### Task instructions
Give each line of the records again exactly and omit every picture.

═══ Records shown ═══

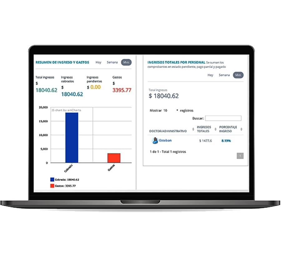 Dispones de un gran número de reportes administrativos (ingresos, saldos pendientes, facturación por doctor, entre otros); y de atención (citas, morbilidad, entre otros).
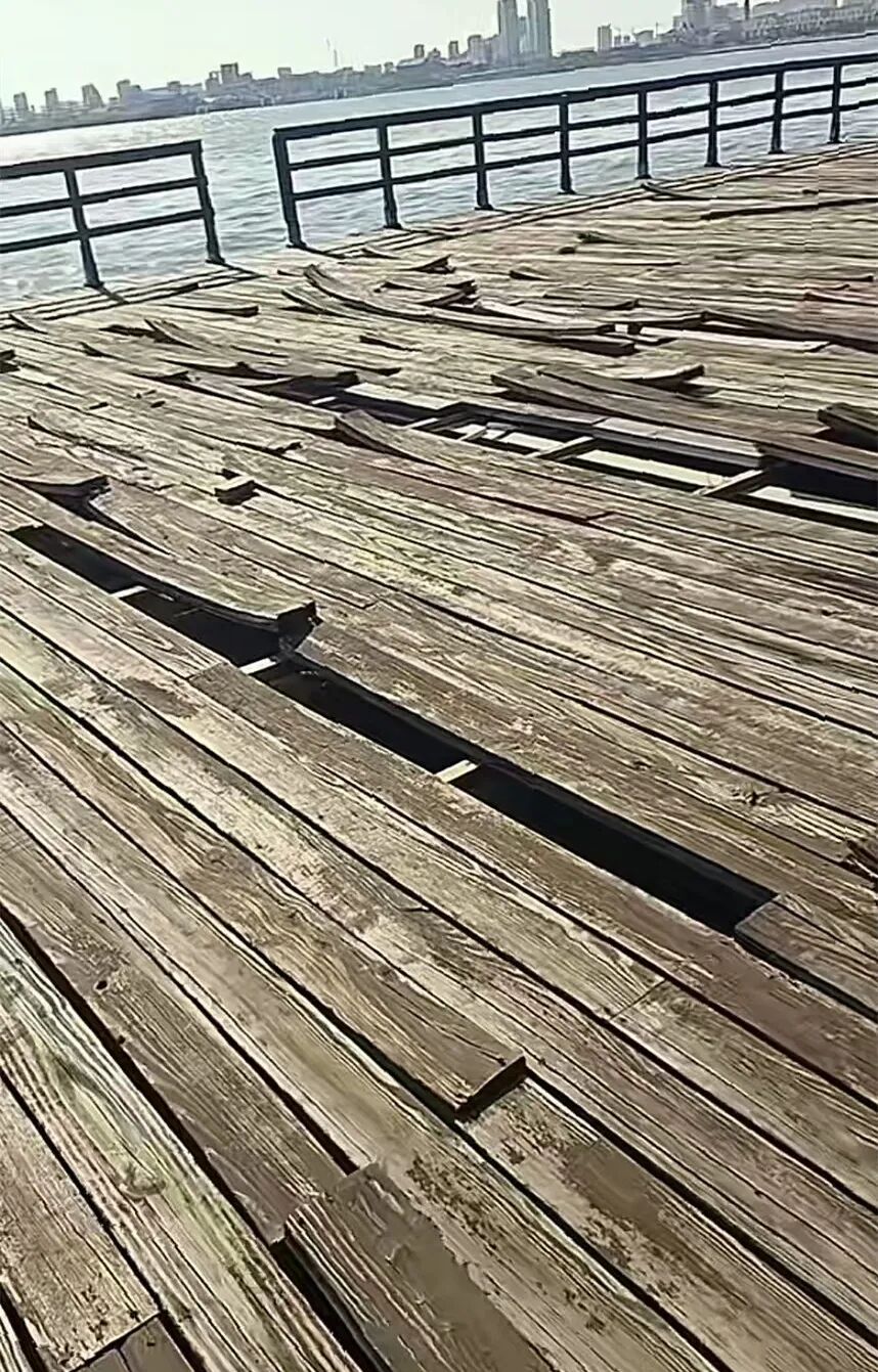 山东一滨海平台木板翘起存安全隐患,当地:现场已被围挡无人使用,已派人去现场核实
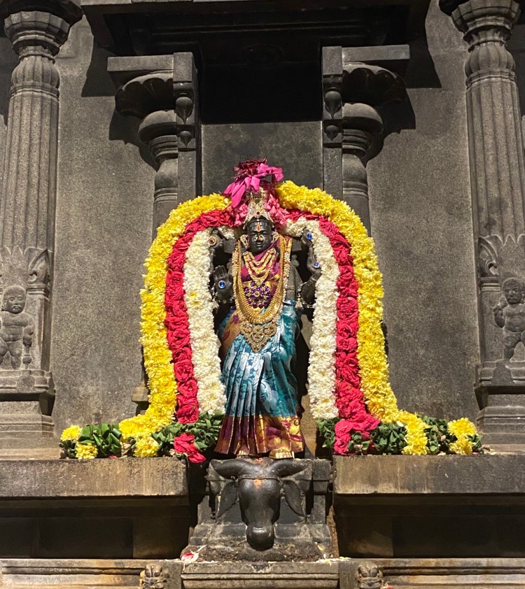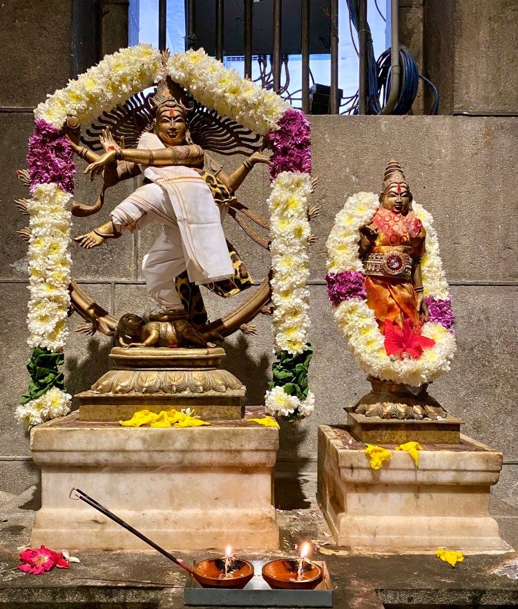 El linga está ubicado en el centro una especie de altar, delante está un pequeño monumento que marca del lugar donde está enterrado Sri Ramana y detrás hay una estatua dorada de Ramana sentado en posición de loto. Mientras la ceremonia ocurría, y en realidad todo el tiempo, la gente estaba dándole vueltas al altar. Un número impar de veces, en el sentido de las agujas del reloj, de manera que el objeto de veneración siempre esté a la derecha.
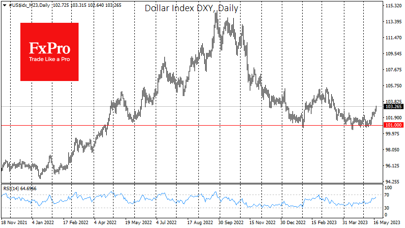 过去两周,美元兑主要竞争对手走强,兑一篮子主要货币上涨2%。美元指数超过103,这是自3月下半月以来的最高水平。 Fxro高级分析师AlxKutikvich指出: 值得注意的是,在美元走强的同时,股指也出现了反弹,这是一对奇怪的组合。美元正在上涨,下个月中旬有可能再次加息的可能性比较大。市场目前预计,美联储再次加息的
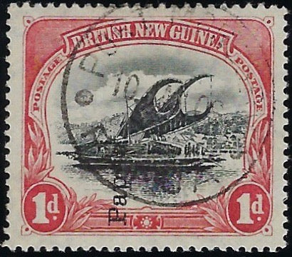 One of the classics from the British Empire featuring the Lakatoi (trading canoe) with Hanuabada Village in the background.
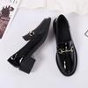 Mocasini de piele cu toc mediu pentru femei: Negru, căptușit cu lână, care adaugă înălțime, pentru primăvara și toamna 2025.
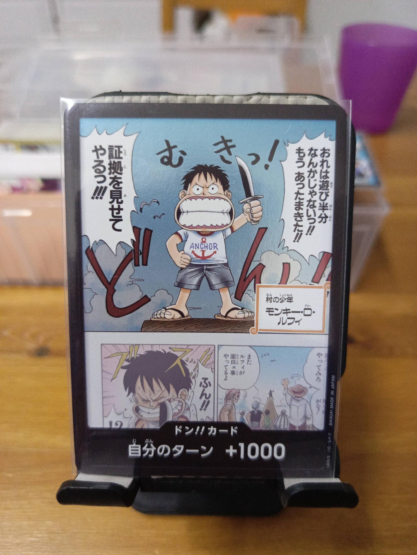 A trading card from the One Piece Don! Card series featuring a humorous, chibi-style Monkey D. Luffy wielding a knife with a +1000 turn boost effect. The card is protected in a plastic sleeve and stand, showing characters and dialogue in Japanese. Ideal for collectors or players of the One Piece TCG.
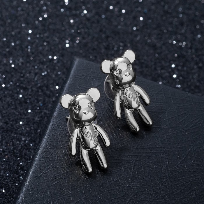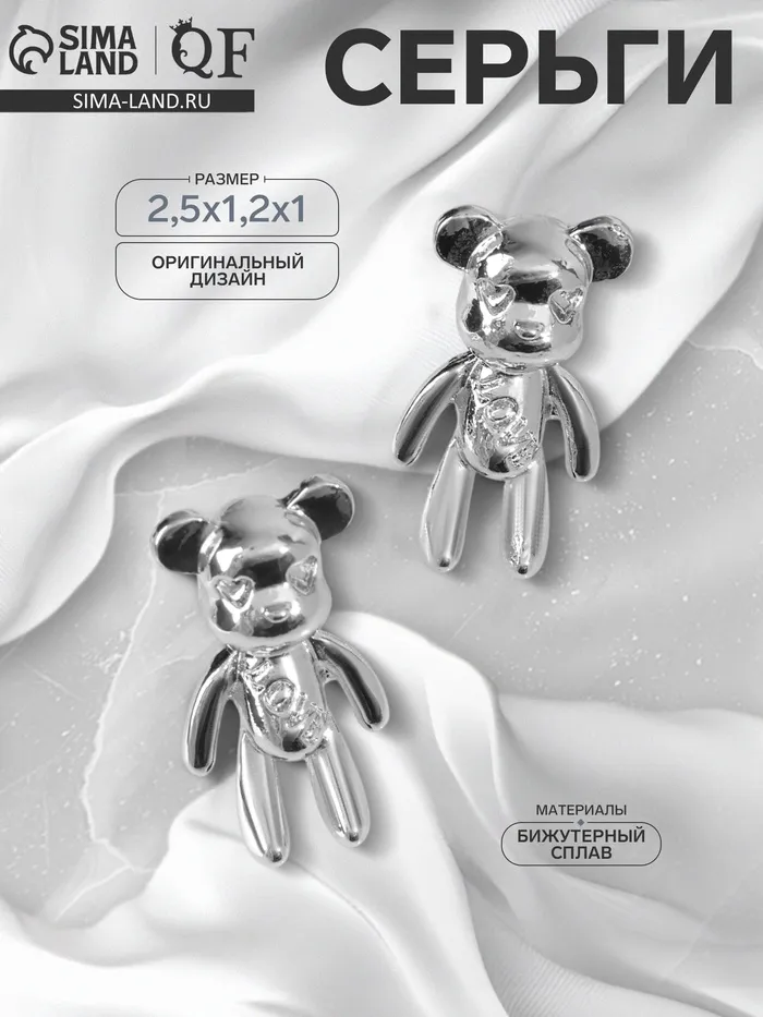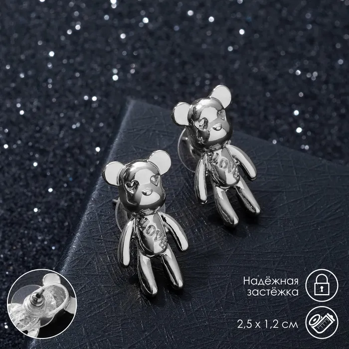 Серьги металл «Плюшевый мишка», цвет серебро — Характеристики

═══

### The completed task
 Dispones de un gran número de reportes administrativos (ingresos, saldos pendientes, facturación por doctor, entre otros); y de atención (citas, morbilidad, entre otros).
 山东一滨海平台木板翘起存安全隐患,当地:现场已被围挡无人使用,已派人去现场核实
 El linga está ubicado en el centro una especie de altar, delante está un pequeño monumento que marca del lugar donde está enterrado Sri Ramana y detrás hay una estatua dorada de Ramana sentado en posición de loto. Mientras la ceremonia ocurría, y en realidad todo el tiempo, la gente estaba dándole vueltas al altar. Un número impar de veces, en el sentido de las agujas del reloj, de manera que el objeto de veneración siempre esté a la derecha.
 过去两周,美元兑主要竞争对手走强,兑一篮子主要货币上涨2%。美元指数超过103,这是自3月下半月以来的最高水平。 Fxro高级分析师AlxKutikvich指出: 值得注意的是,在美元走强的同时,股指也出现了反弹,这是一对奇怪的组合。美元正在上涨,下个月中旬有可能再次加息的可能性比较大。市场目前预计,美联储再次加息的
 One of the classics from the British Empire featuring the Lakatoi (trading canoe) with Hanuabada Village in the background.
 Mocasini de piele cu toc mediu pentru femei: Negru, căptușit cu lână, care adaugă înălțime, pentru primăvara și toamna 2025.
 A trading card from the One Piece Don! Card series featuring a humorous, chibi-style Monkey D. Luffy wielding a knife with a +1000 turn boost effect. The card is protected in a plastic sleeve and stand, showing characters and dialogue in Japanese. Ideal for collectors or players of the One Piece TCG.
 Серьги металл «Плюшевый мишка», цвет серебро — Характеристики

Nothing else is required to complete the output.